Publication Date

October 2, 2023

Perspectives Section

In Memoriam

Thematic

Legal, Political

Janelle Greenberg

Photo courtesy University of Pittsburgh

Janelle Greenberg, professor emerita of British history at the University of Pittsburgh, passed away on June 6, 2023, at her home in Hollywood, Florida. She died peacefully, with her husband of 62 years, Martin Greenberg, and their son Steven by her side. Both survive her, along with daughter Rebecca; son Joshua; and three grandchildren, Arella, Ezra, and Pearl.

Born in Muskogee, Oklahoma, on April 3, 1938, Janelle attended Stillwater High School and the University of Houston, where she met both Martin and her lifelong mentor, Corinne Comstock Weston. After Janelle completed her BA and MA at Houston, she and Martin moved to the University of Michigan, where she earned her PhD in 1970.

By the time Janelle received her doctorate, she and Martin had relocated to Pittsburgh and had begun raising a family. Balancing the competing demands of career and child-rearing, she accepted a position at the University of Pittsburgh first as a part-time instructor and then, in 1979, as a half-time assistant professor. In 1989, Janelle was promoted to associate professor with tenure, the first instance in the department’s history of a part-time faculty member being promoted to a tenured full-time position. In 2001, Janelle became the department’s second female full professor, after her colleague Evelyn Rawski.

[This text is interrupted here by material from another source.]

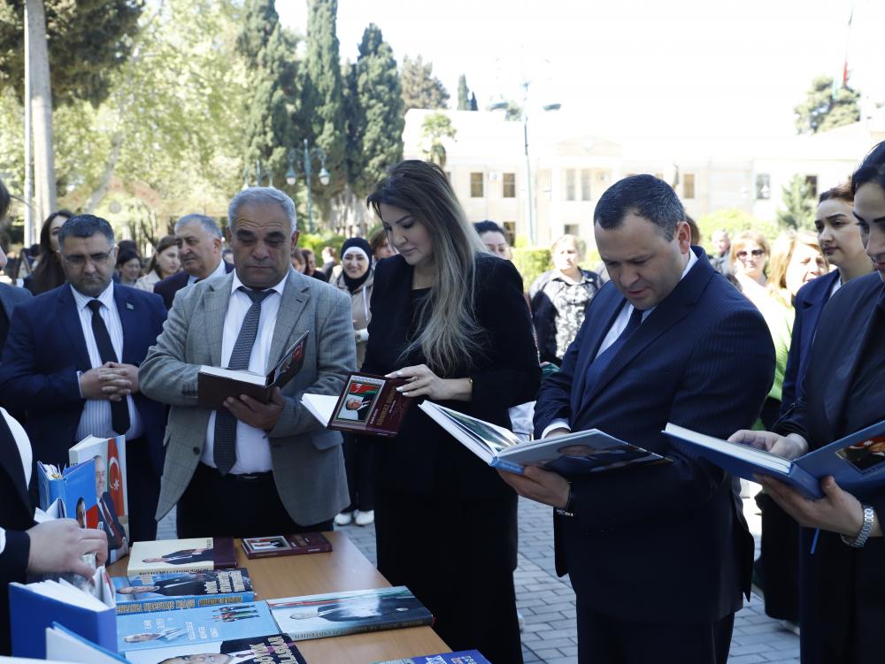 Tədbir iştirakçıları əvvəlcə Ümummilli Lider Heydər Əliyevin adını daşıyan meydanda Ulu Öndərin abidəsini ziyarət edərək önünə gül dəstələri qoymuş, onun əziz xatirəsini dərin hörmət və ehtiramla yad etmişlər. Ardınca Heydər Əliyev Mərkəzinin qarşısında təşkil olunmuş sərgiyə baxış keçirilmişdir.

Janelle specialized in legal and constitutional history. Her articles appeared in Studies in Eighteenth-Century Culture, English Historical Review, History of Political Thought, Cardozo Law Review, and other venues. In 1981, she published a monograph, co-authored with Weston, titled Subjects and Sovereigns: The Grand Controversy over Legal Sovereignty in Stuart England (Cambridge Univ. Press, 1981). Her magnum opus was The Radical Face of the Ancient Constitution: St. Edward’s “Laws” in Early Modern Political Thought (Cambridge Univ. Press, 2001). Based on 30 years of research at the British Library and other repositories, the book uncovered an “invented tradition” of civil and political rights supposedly based in the laws of the last Anglo-Saxon king, Edward the Confessor. The book traced the invention of those laws to the 1200s–1300s, and their subsequent elaboration and invocation in the political pamphlets and debates of the 1500s–1600s. Reviews by distinguished scholars including J. G. A. Pocock and Johann Sommerville recognized the book as a pathbreaking contribution to British political and constitutional history.

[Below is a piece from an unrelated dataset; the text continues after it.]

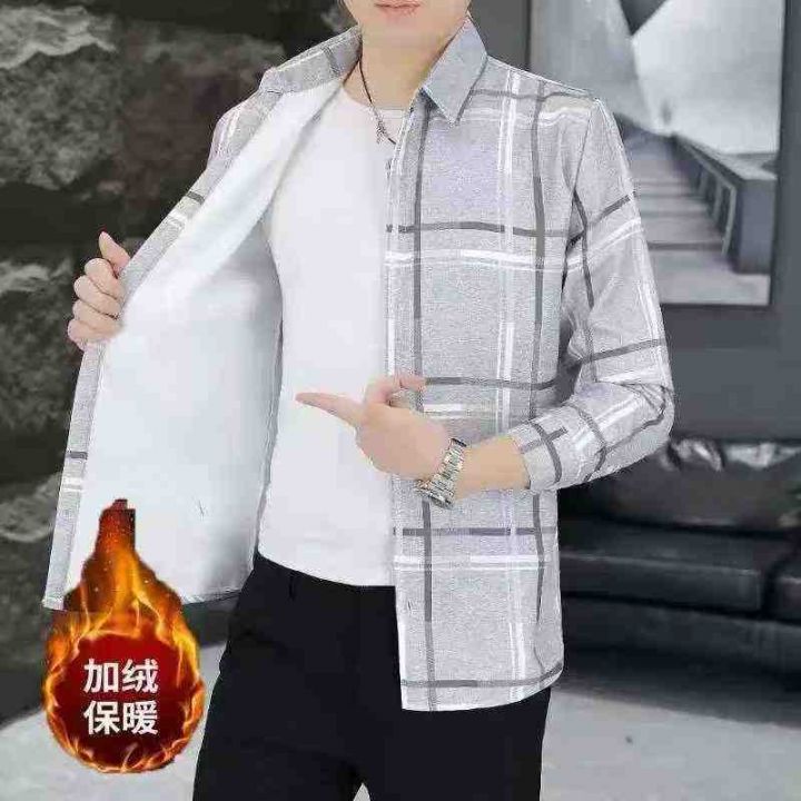 男士长袖衬衫秋冬季韩版潮流帅气加绒衬衣男上衣服,整款4个花色,M-3XL码,...
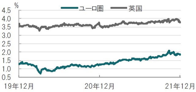 英国中銀とECBの金融政策決定会合が重なるのはおよそ3年以上前ですが、両中銀の発表内容から判断して、政策の方向性は共にタカ派(金融引締めを選好)的となり、市場予想にやや反する結果となりました。もっともインフレ懸念が強い英国は利上げを決定した一方、ECBは今後の資産購入縮小(テーパリング)方針を明確化しただけとタカ派の程度に違いは見られます。

Janelle was a gifted stylist and explicator, explaining in clear and engaging prose the legal principles and political issues at play and why they mattered. She brought that same approach to her teaching, turning the most abstruse legal and constitutional debates into dramatic analytical narratives. This won her the Chancellor’s Distinguished Teaching Award in 1989, sky-high teaching evaluations, and crowds of students who followed her from class to class. Each year at the department’s reception for graduating seniors and their families, Janelle was a constant center of gravity, surrounded by a crush of grateful students and their parents.

Janelle was as popular with faculty colleagues, departmental staff, and university administrators as she was with her students. Though at heart a rather private person, she loved good food, good wine, and good friends. Her sense of humor veered wildly from the whip-smart to the slapstick, placing any gathering at which she was present at serious risk of dissolving into raucous hilarity. Playing first base, she was a linchpin of the departmental softball team, the History Reds, and contributed mightily to our championship season in 1984. Truly she was a woman for all seasons, now deeply and sorely missed.